Over-expression of TC-CPE up-regulates CHOP levels.
(A) Immunofluorescence of N2A cells expressing WT-CPE and TC-QQ. Double immunostaining of CPE (green) with calnexin (red) in N2A cells. Note that TC-CPE is co-localized with calnexin (orange) in the perinuclear area and accumulated in the ERin N2A cells, and apparent enhancement of the accumulation of TC-CPE in the ER with MG132 treatment. (B) Representative Western blot analysis of CHOP expression after EV, WT-CPE or TC-CPE transfection for 24 h in N2A cells. 10 μM tunicamycin was added to N2A cell for 24 h as positive control. (C) Bar graphs show the quantification of CHOP expression normalized to actin. One-way ANOVA (F(2,9) = 11.55, p<0.01, n = 4) followed by Tukey’s multiple comparison test.
Fig 6.
Proteasome degradation pathway of TC-CPE in N2A cells.

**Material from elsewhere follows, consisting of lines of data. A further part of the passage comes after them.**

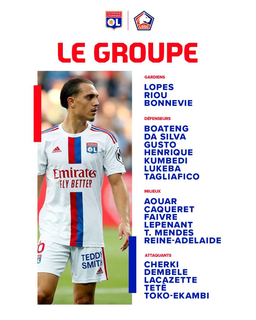 L’affiche de la 13ème journée de Ligue 1 Uber Eats opposera le LOSC à l’OL. Pour cette rencontre, Laurent Blanc devra se passer de deux joueurs comme prévu, il s’agit de Sinaly Diomandé (suspendu) et Corentin Tolisso (blessé). Le jeune Bradley Barcola ne figure également pas dans le groupe, suite à un choix de l’entraîneur.
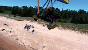 On the ground, we stretched, warmed up, and checked the trike to ensure nothing had fallen off. We managed to refuel, replace the GoPro and Action Cam batteries, and brush off mayflies. The next route was the one I was most excited about, so without wasting any more time, we were off and flying. Farewell, Sky Harbor. Lake Superior shoreline, here we come.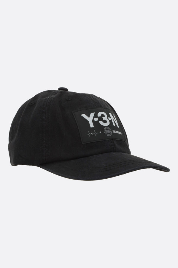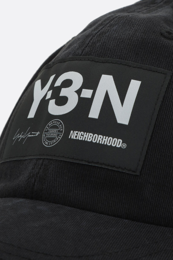 Y-3 x Neighborhood baseball cap crafted from black cotton gabardine with an embroidered Y-3-N patch on the front. Features an adjustable back strap with metal buckle and an unlined interior.

(A) Representative Western blot analysis of CPE protein levels in N2A cells transfected with EV, WT-CPE, TC-CPE, and treated with MG132 or without (Veh). (B) Bar graphs show fold increase (%) CPE protein normalized to actin, in treated versus untreated cells transfected with EV, WT-CPE or TC-CPE. ND: Not detectable. One-way ANOVA (F(2,15) = 14.16, p <0.001, n = 6) followed by Tukey’s multiple comparison test, *p<0.05 compared to EV. (C) Western blot analysis of secreted CPE protein levels in N2A cells transfected with WT-CPE or TC-CPE, in the presence or absence of MG132. Note that MG132 did not affect the secreted levels of TC-CPE protein in N2A cells. t-test, p > 0.05, n = 4.